Андрей Пермяков

***

АЭРОПОРТ

Лене Погорелой

А смс-ку, похоже, отправлю пустой.
Напиши, что хочешь, и верни мне её обратно.
Это так же смешно, как говорить «постой»!
После того, как уже сказал «ну и ладно».

Ты понимаешь, я толстый и в прошлом боксёр,
стало быть, вправе не прятать нежность за чем-то грубым.
Набрал какие-то буквы, стёр. Снова набрал и стёр.
Ветер кусает щёки, морщусь, кусаю губы.

Ветер никак не поднимется выше моста.
Ветер сегодня такой специальный, низкий.
Тихо Андрей, успокойся. Считай до ста.
Ну, хоть до пяти. И вообще возьми себе виски.

Это поможет. Тебе помогает всё и всегда.
Честно: всегда и всё, ты вообще везучий.
И эту фиговинку в виде креста
ты прячешь в кармане просто, на всякий случай.

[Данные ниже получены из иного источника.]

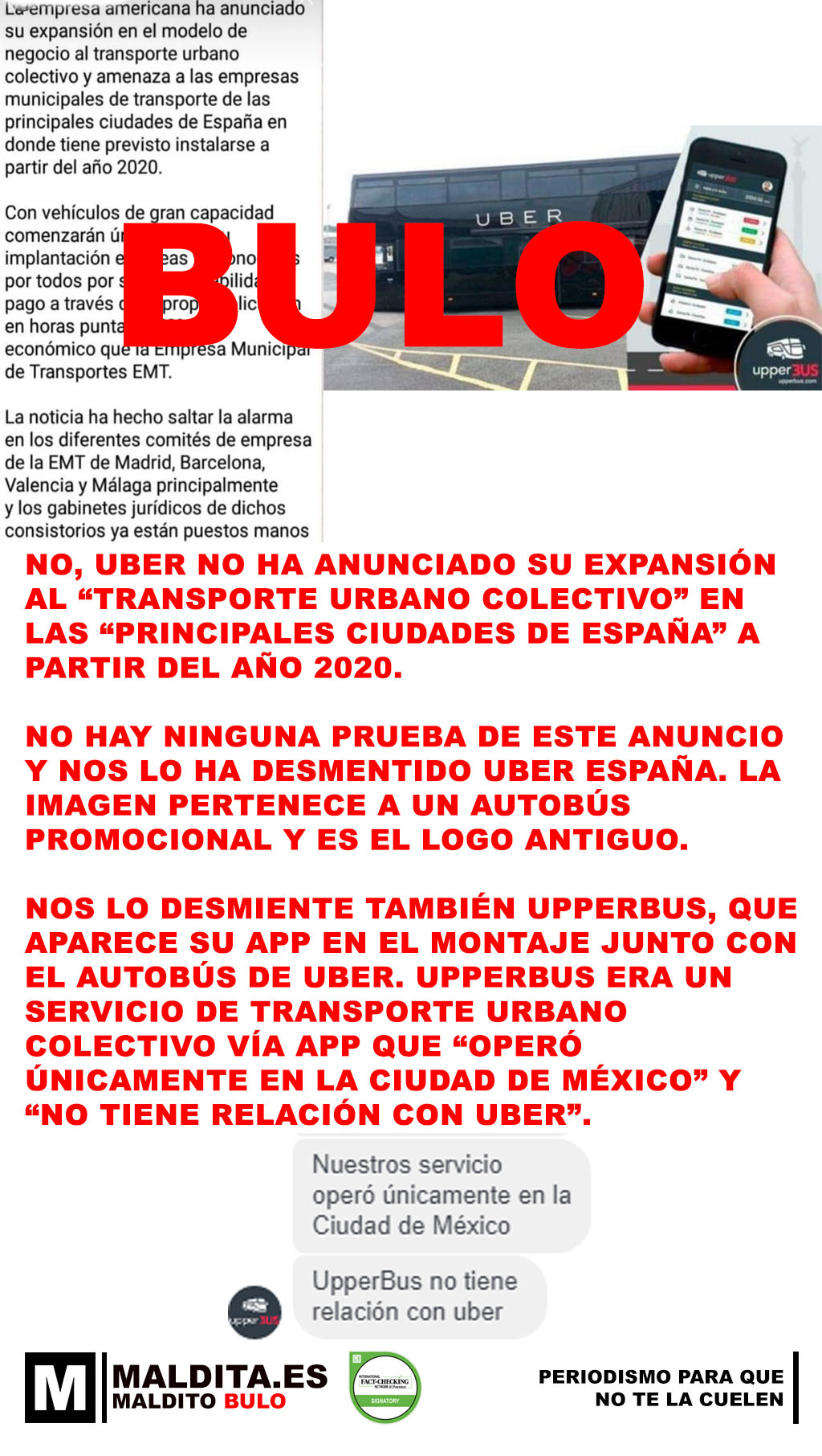 Nos lo desmiente también Upperbus, que aparece su app en el montaje junto con el autobús de Uber. Upperbus era un servicio de transporte urbano colectivo vía app que "operó únicamente en la Ciudad de México" y "no tiene relación con Uber".

А если чего — опознают с большим трудом
Например, по зубам, как в «Смерти актёра Бенды».
Самолёт доставляет быстрее, чем общекультурный паром.
Ты ведь сам хотел вот такой вот финишной ленты —

Чтобы путь в землю закончить не на земле.
Не на земле — это не так обидно.
Лента порвётся. От ленты останется «Ле…»
И что-то ещё. Мелко. С земли не видно.

СЕТКА

Помнишь: всё было сравнительно просто —
пляж некрасивый, как стол.
Справиться с кризисом среднего роста
не помогал волейбол.

Нет, не теряла девчонка колечка,
нет, не искали в песке.
Каменный круг, неотбитая свечка,
ямка на бритом виске.

Мишка лежал, как лежали другие,
только желтей, чем песок.
Красное капало. Даже большие
тронуть боялись висок.

Детство не кончилось. Так не бывает
чтобы закончилось вдруг.
Точно кольцо ледяного трамвая
каменный-каменный круг.

ПРОЗА

Воздушный змей парит, парит
Москва негромко говорит.
Мамуля лечит нервы.
Год восемьдесят первый.

Потом зима, потом ещё
Потом довольно горячо.
Потом чуть-чуть теплее.
Посёлок в Галилее.

Агавы, полунемота.
На змéе снизу два креста:
по-римски цифра двадцать.
Попытка возвращаться

Фрагмент афиши: \"Секс в Большом...\"
На фотке — дуры голышом.
Собака лает ветер.
Темно на этом свете.

Воздушный змей парил, упал
сынок отправился в ЦАХАЛ,
мамуля лечит нервы.
Дочурка тоже стерва.

Тоска такая что никак.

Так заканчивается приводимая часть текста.